■ PROBLEM TO WORK ON
Without any images, write the data out exactly as it appears.

■ DATASET EXCERPT

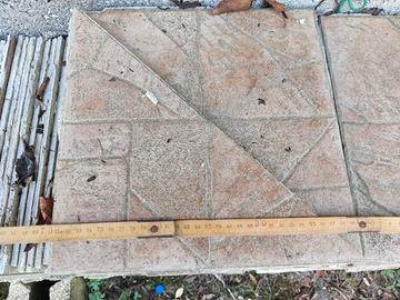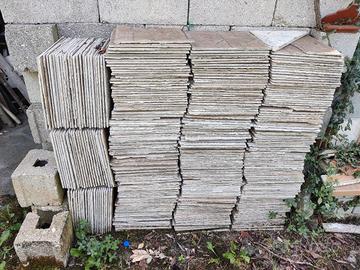 Oltre 30 m2 di piastrelle in gres porcellanato, con residui della colla di posa. Provenienti dal rifacimento di una terrazza di circa 36 m2 . Un certo numero sono tagliate a metà diagonalmente. Misura circa 30x30 cm. Per terrazze, taverne e simili, vedere il disegno in foto. Vendita solo il blocco intero.
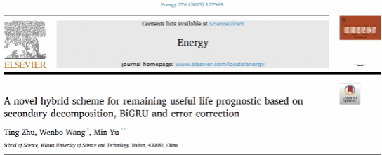 近日,pg电子官网博士朱婷、教授王文波、老师喻敏合作在《Energy》期刊上发表题为“A novel hybrid scheme for remaining useful life prognostic based on secondary decomposition, BiGRU and error correction”的研究论文。该期刊系JCR及中科院SCI双一区TOP期刊,2022年影响因子为8.857,该期刊重点关注能源经济分析、能源建模和预测、综合能源系统、能源规划和能源管理,是能源研究领域内最有影响力和最权威的期刊之一。朱婷博士为第一作者,王文波、喻敏为共同通讯作者,pg电子官方网站为第一单位。
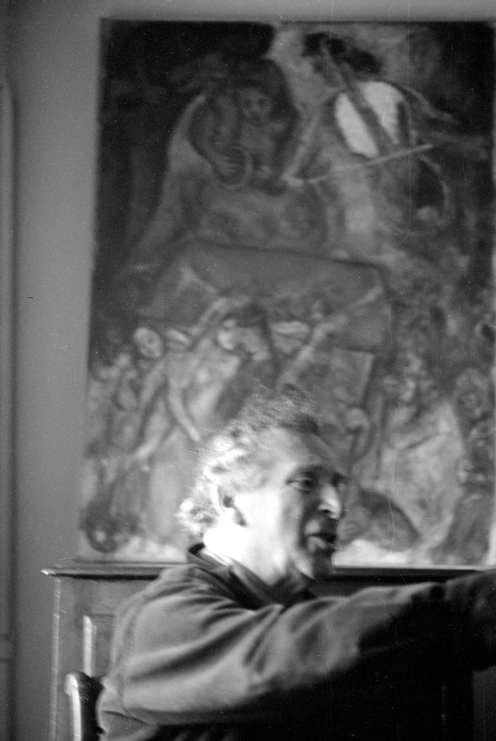 Black and white photograph of a man seated in front of a large figurative painting, dramatically lit from the left with soft focus throughout

■ SOLVED PROBLEM
 Oltre 30 m2 di piastrelle in gres porcellanato, con residui della colla di posa. Provenienti dal rifacimento di una terrazza di circa 36 m2 . Un certo numero sono tagliate a metà diagonalmente. Misura circa 30x30 cm. Per terrazze, taverne e simili, vedere il disegno in foto. Vendita solo il blocco intero.
 近日,pg电子官网博士朱婷、教授王文波、老师喻敏合作在《Energy》期刊上发表题为“A novel hybrid scheme for remaining useful life prognostic based on secondary decomposition, BiGRU and error correction”的研究论文。该期刊系JCR及中科院SCI双一区TOP期刊,2022年影响因子为8.857,该期刊重点关注能源经济分析、能源建模和预测、综合能源系统、能源规划和能源管理,是能源研究领域内最有影响力和最权威的期刊之一。朱婷博士为第一作者,王文波、喻敏为共同通讯作者,pg电子官方网站为第一单位。
 Black and white photograph of a man seated in front of a large figurative painting, dramatically lit from the left with soft focus throughout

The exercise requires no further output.